Restrict metadata match scope
Consider the following use case:
On your hard drive you have a collection of PDFs in a folder, one entry for each article in some issue of some journal. You'd like to enter all these PDFs into Zotero with maximum possible citation information.
Current solution:
Drag all the PDFs into Zotero. We assume Retrieve PDF Metadata is insufficient as none of these documents contain DOI information in them, so we don't use it. Instead we search through the journal issue in an online database, manually using the magic wand for each article to add by DOI. Then do a manual correlation between the PDFs and the items by dragging each PDF to its corresponding full-info DOI entry.
Proposed solution:
1) Drag all the PDFs into Zotero.
2) Either search through the journal issue manually adding each DOI with the magic wand, or batch import them if it's possible for said journal.
3) Select all PDF files and choose a new option "Associate Items with Current Collection". This loops through each selected item and goes through the normal PDF Metadata retrieval process of looking on google scholar. If any of the google scholar results match the DOI of one of the items created in step 2, a correspondence is made. Otherwise full text search is done on the PDF, attempting to match text from the PDF to the titles of each of the items created in step 2.
This would significantly increase the accuracy of PDF metadata retrieval. I'm not sure how common the use case is for other people, but it's very common for me.
On your hard drive you have a collection of PDFs in a folder, one entry for each article in some issue of some journal. You'd like to enter all these PDFs into Zotero with maximum possible citation information.
Current solution:
Drag all the PDFs into Zotero. We assume Retrieve PDF Metadata is insufficient as none of these documents contain DOI information in them, so we don't use it.
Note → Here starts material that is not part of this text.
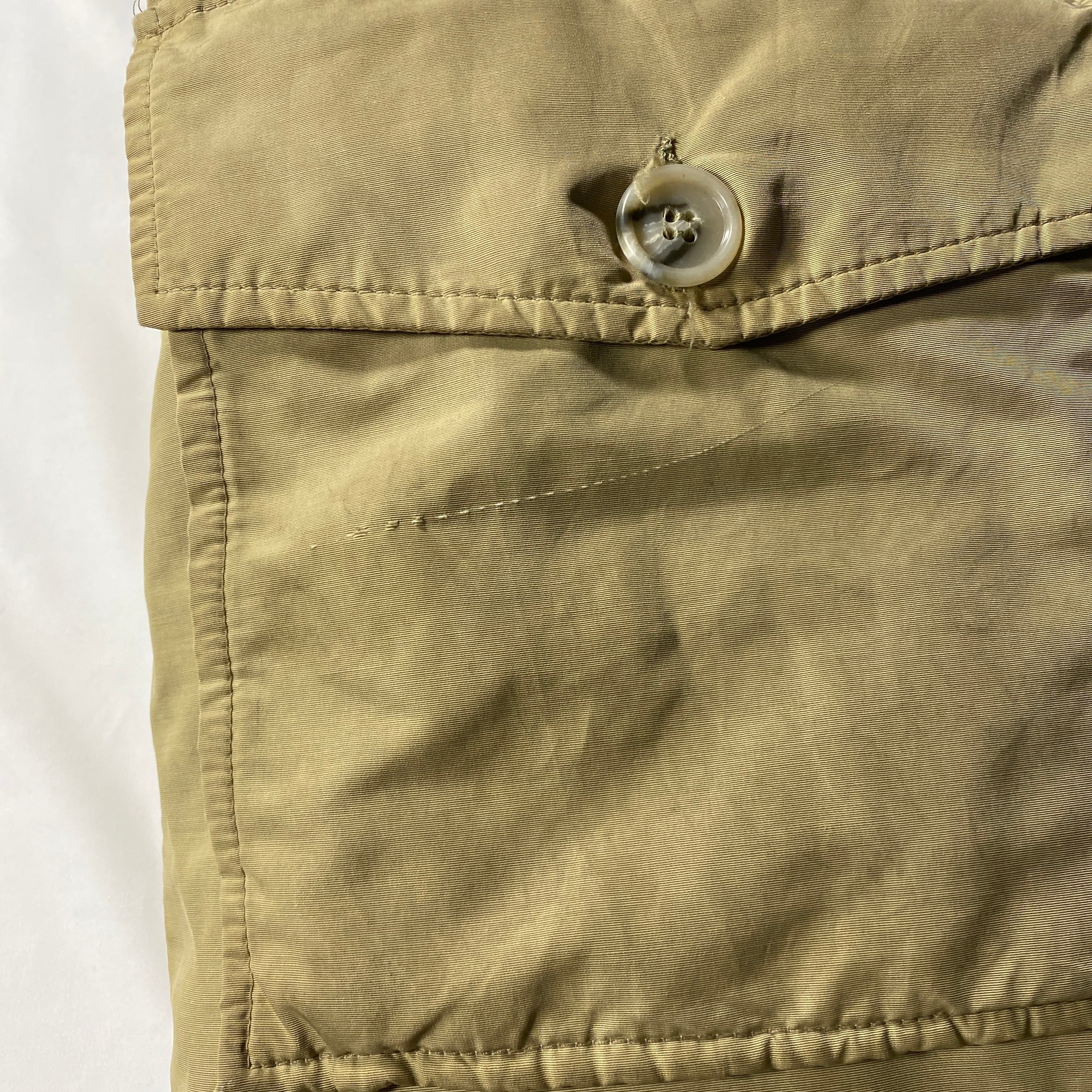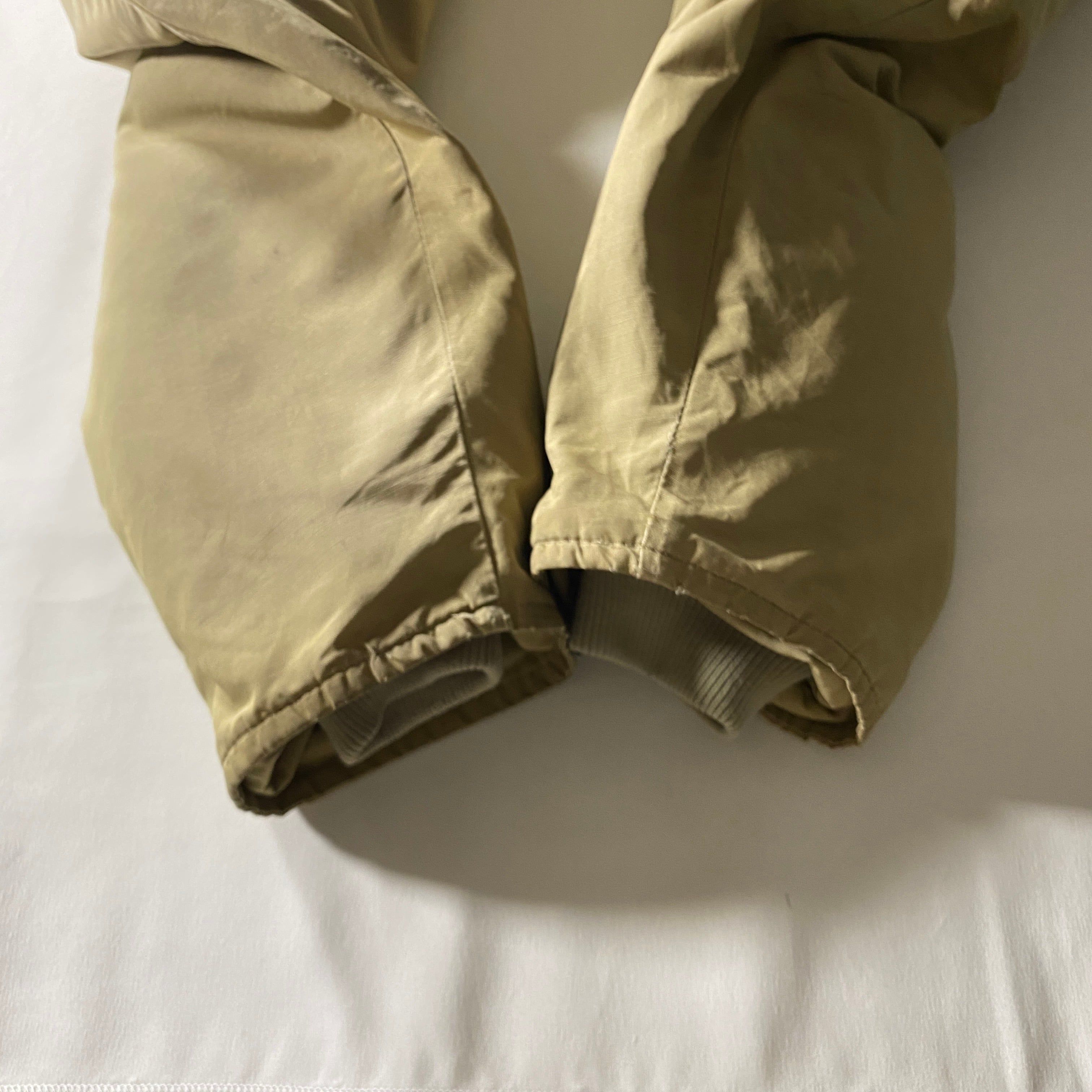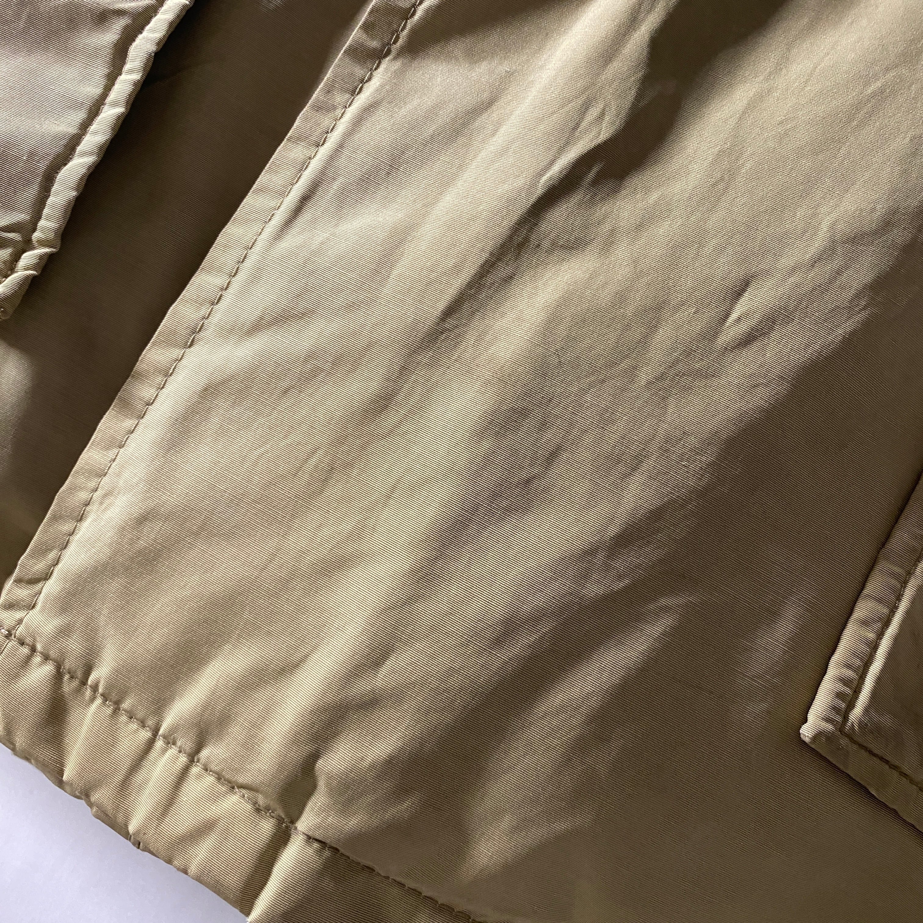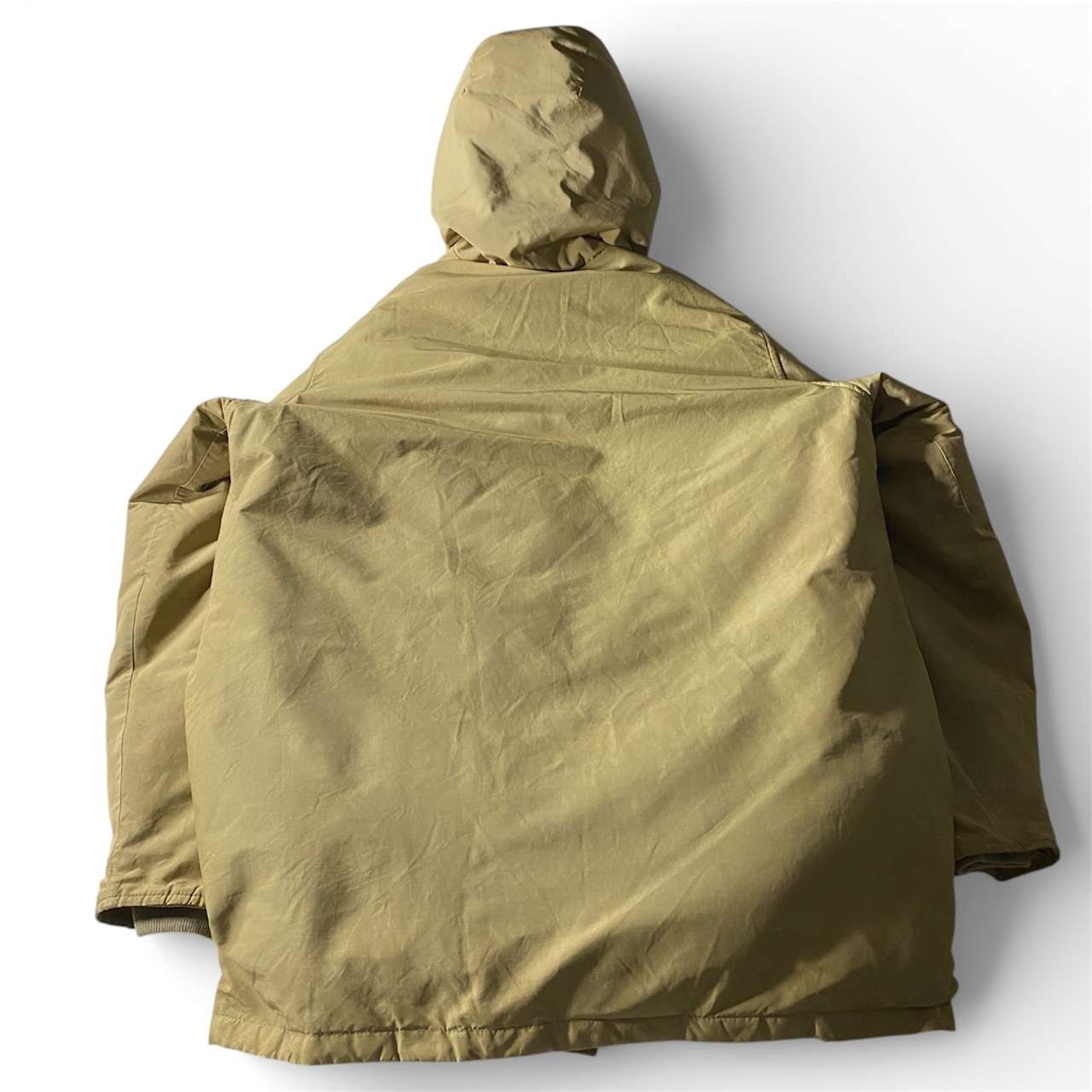 全体に着用に伴う細かなキズや使用感と薄汚れが見られますが、生地のハリは保たれており雰囲気良好です。フード周りのファーは取り外されており、ミニマルで合わせやすい印象。大きなダメージはなく、ヴィンテージらしい風合いとしてお楽しみいただけるコンディションです。

Instead we search through the journal issue in an online database, manually using the magic wand for each article to add by DOI. Then do a manual correlation between the PDFs and the items by dragging each PDF to its corresponding full-info DOI entry.
Proposed solution:
1) Drag all the PDFs into Zotero.
2) Either search through the journal issue manually adding each DOI with the magic wand, or batch import them if it's possible for said journal.
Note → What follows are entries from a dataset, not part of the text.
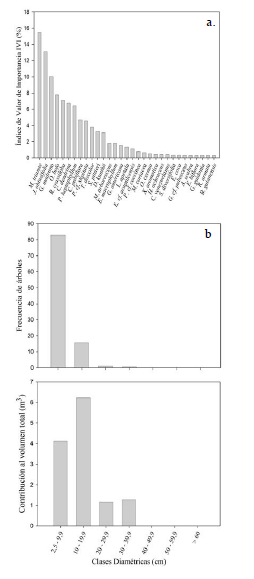 Respecto a las clases diamétricas en el zural boscoso el mayor número de árboles, lianas y arbustos se concentró en la clase diamétrica I (2.5 cm-9.9 cm) con 328 individuos (83%) (figura 4b). El restante 17% (68 individuos) fue para árboles con diámetros mayores o iguales a 10 cm. No se encontraron individuos con diámetros por encima de 40 cm. Respecto a la contribución del volumen total de madera en el zural boscoso, los 62 individuos de la clase diamétrica II (10-19.9 cm) contribuyeron con el 48.7% (6.23 m3), seguidos por los 328 individuos de la clase I (2.5-9.9 cm) que aportaron el 43.6% (4.12 m3). Los restantes individuos arbóreos (clases III y IV) aportaron el 19% del volumen total (1.16 m3, 1.26 m3, respectivamente). En relación al área basal, la clase diamétrica I con 328 individuos tuvo una contribución del 43.6%, seguido por la clase II de 62 individuos y un aporte del 41.1%.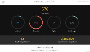 Con el hastag #JORNADABECSA, tweet binder arroja los siguiente datos acumulando los tweets de ese día, y día anterior.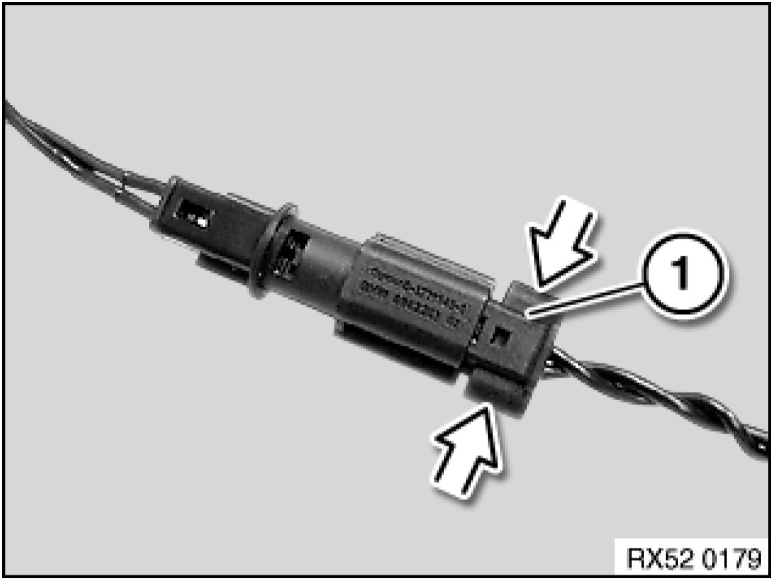 - Press locking clip at edge and disconnect plug (1).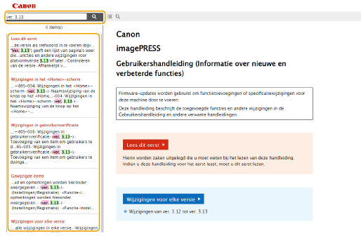 ZoeklijstpaginaZoeken op trefwoordZoeken door de versie als trefwoord in te voeren (bijv. "Ver. 3.13") geeft een lijst van pagina's weer die dat trefwoord bevatten. U kunt vervolgens zoeken door de aangegeven pagina's. |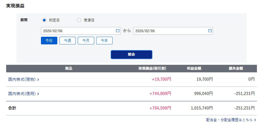 本日の実益:+764,509円

3) Select all PDF files and choose a new option "Associate Items with Current Collection". This loops through each selected item and goes through the normal PDF Metadata retrieval process of looking on google scholar. If any of the google scholar results match the DOI of one of the items created in step 2, a correspondence is made. Otherwise full text search is done on the PDF, attempting to match text from the PDF to the titles of each of the items created in step 2.
This would significantly increase the accuracy of PDF metadata retrieval. I'm not sure how common the use case is for other people, but it's very common for me.
Do these PDFs have embedded text? Are the associated articles on Google Scholar? If the answer to both is "yes", then Retrieve PDF Metadata should work. If it doesn't currently, then it should be made to work.
In other words, until that's adjusted, the recognizer is only failing because it's not searching using the right data, and limiting the scope wouldn't help.
ACM Reference Format:
Weidlich, A. and Wilkie, A. 2008. Realistic rendering of birefringency in uniaxial crystals. ACM Trans. Graph. 27, 1, Article 6 (March 2008), 12 pages.
DOI = 10.1145/1330511.1330517 http://doi.acm.org/10.1145/1330511.1330517
When I do Retrieve PDF Metadata, it correctly resolves all the authors and title. But it does not populate the publication, volume, issue, or even the DOI for that matter. Does this mean that it missed the DOI information in this document? Currently I can't figure out a way of knowing if the PDF metadata it obtained was a result of finding the DOI or of matching text on Google Scholar.
When I click the magic wand and enter 10.1145/1330511.1330517 into the box, I get considerably more information.
Even if it does end up resorting to google scholar to locate the document, if that succeeds then shouldn't it at that point have the correct DOI? Or does Google Scholar's index not always contain the DOI?
Click "Import into BibTeX" (or "EndNote" or "RefMan", depending on your settings, though Zotero will save those automatically rather than displaying them), or just click the address bar icon. What you got is all that's there.
However, as you note, that PDF does have the DOI on the first page, which (as far as I know) Zotero should find. We'll have to look into why that's not happening.
An example of a document that gives the DOI in the exact same format and results in metadata for a completely different document being retrieved has DOI 10.1145/1330511.1330520, and is resolved to a document named "Agent-oriented software engineering (workshop session)" from different conference / author.
A new beta should be out this week. You can safely try trunk builds in a separate profile. See the SVN and Trac access page for more info.
10.1145/1330511.1330518
I think it's failing because the DOI crosses a newline boundary.
10.1145/ 1330511.1330518
The embedded space is after the / and before the 133. It's possible there's nothing reasonable you can do about that since it looks like it might be an error in the document.
Do you have examples of any that cross newline boundaries? I suppose accounting for that might fix the above as well.